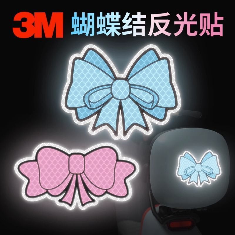 Stiker Reflektif Kartun 3M Berlian Stiker Goresan Tubuh Mobil Stiker Peringatan Anti Tabrakan Helm Mobil Listrik Pita Kupu-Kupu
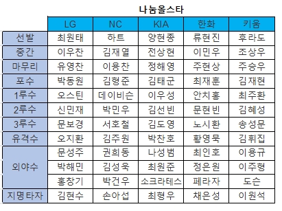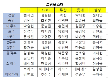 그 전에 5월 27일 오전 10:00 ~ 6월16일 오후 14:00까지 각 구단에서 추천한 총 120명의 선수 중에 어떤 선수를 올스타전에서 보고 싶은지 투표를 진행하니 관심있으신 야구팬들은 투표해 주세요~!
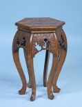 A late 19th Century American quarter sawn oak carved Moorish tea table, 18 3/4"h x 12" hexagonal, with hand carved side panels. A late 19th Century American quarter sawn oak carved Moorish tea table, 18 3/4"h x 12" hexagonal, with hand carved side panels.
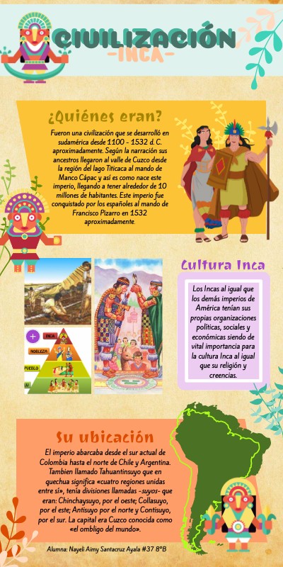 Fueron una civilización que se desarrolló en sudamérica desde 1100 - 1532 d. C. aproximadamente. Según la narración sus ancestros llegaron al valle de Cuzco desde la región del lago Titicaca al mando de Manco Cápac y así es como nace este imperio, llegando a tener alrededor de 10 millones de habitantes. Este imperio fue conquistado por los españoles al mando de Francisco Pizarro en 1532 aproximadamente.
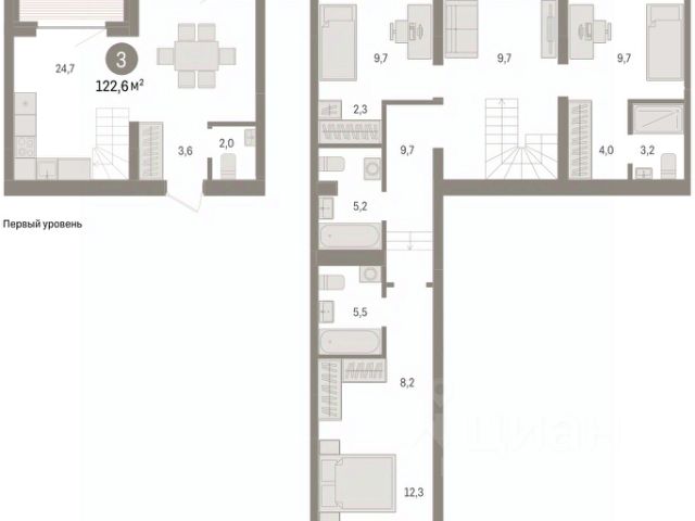 Квартира включает три полноценные спальни, одна из которых оснащена собственной ванной комнатой, кухню-гостиную и гостевой санузел. Панорамные окна, выходящие на солнечную сторону, наполняют квартиры светом. Ремонт выполнен согласно дизайнерскому проекту в светлых тонах, создающих ощущение простора. В квартире предусмотрены комфортные условия: подогрев полов в обоих санузлах, бойлер для горячей воды, фильтры на воду, два кондиционера, многоуровневое освещение и зенитное окно в коридоре.
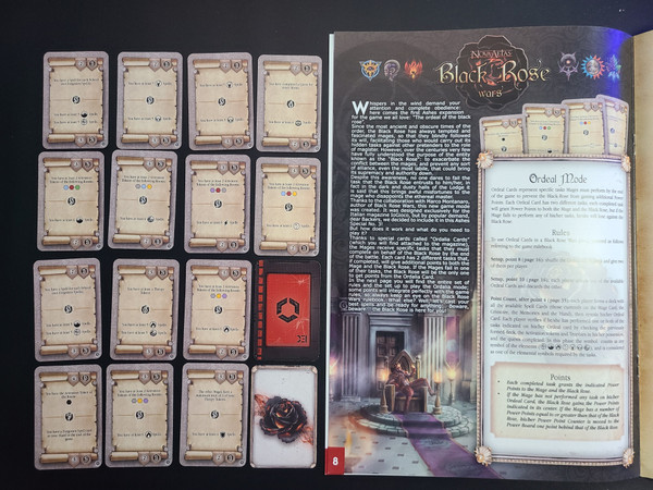 In game setup, each mage will get 2 Ordeal Cards of which 1 must be kept. The Ordeal Card will show 2 objectives that can each provide additional points for the mage in end-game scoring when met. However, if none of the objectives are met then the Black Rose will receive a significant amount of points.
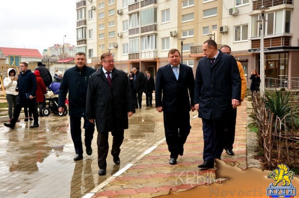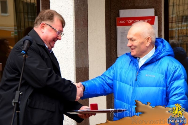 Симферополь, 21 ноября. Крыминформ. Возведённый компанией «Консоль-строй» многоквартирный дом в Симферополе первым получил звание дома образцового содержания. Соответствующую табличку сегодня на фасад дома поместил председатель наблюдательного совета государственной корпорации «Фонд содействия реформированию ЖКХ» Сергей Степашин, передаёт корреспондент Крыминформа. «По всей нашей стране порядка 80 домов признаны домами образцового содержания. В Крыму это первый дом. Прошу мэра после нашего отъезда и дальше обращать внимание на этот дом», – сказал Степашин на торжественном мероприятии. Вице-премьер Крыма Владимир Серов в свою очередь поблагодарил жильцов дома за его образцовое содержание. «Для Крыма это очень знаковое мероприятия – первый в республике дом образцового содержания. Спасибо вам большое за то, что вы с любовью относитесь к своему имуществу, своим детям, которые сейчас находятся на этой замечательной спортивной площадке, ходят по образцовым, чистым, ухоженным территориям», – обратился к жильцам Серов. Удостоенный звания образцового дом находится на улице Киевская, 179А. Кроме фасадной таблички, дом наградили «Знаком качества ЖКХ». Фотографии

####################

**Work item:**
The lines to set down run from the line with "그 전에 5월 27일" up to and including the line with "Fueron una civilización" in the entries above. Reproduce them exactly, with no pictures.

**Answer for the task:**
 그 전에 5월 27일 오전 10:00 ~ 6월16일 오후 14:00까지 각 구단에서 추천한 총 120명의 선수 중에 어떤 선수를 올스타전에서 보고 싶은지 투표를 진행하니 관심있으신 야구팬들은 투표해 주세요~!
 A late 19th Century American quarter sawn oak carved Moorish tea table, 18 3/4"h x 12" hexagonal, with hand carved side panels. A late 19th Century American quarter sawn oak carved Moorish tea table, 18 3/4"h x 12" hexagonal, with hand carved side panels.
 Fueron una civilización que se desarrolló en sudamérica desde 1100 - 1532 d. C. aproximadamente. Según la narración sus ancestros llegaron al valle de Cuzco desde la región del lago Titicaca al mando de Manco Cápac y así es como nace este imperio, llegando a tener alrededor de 10 millones de habitantes. Este imperio fue conquistado por los españoles al mando de Francisco Pizarro en 1532 aproximadamente.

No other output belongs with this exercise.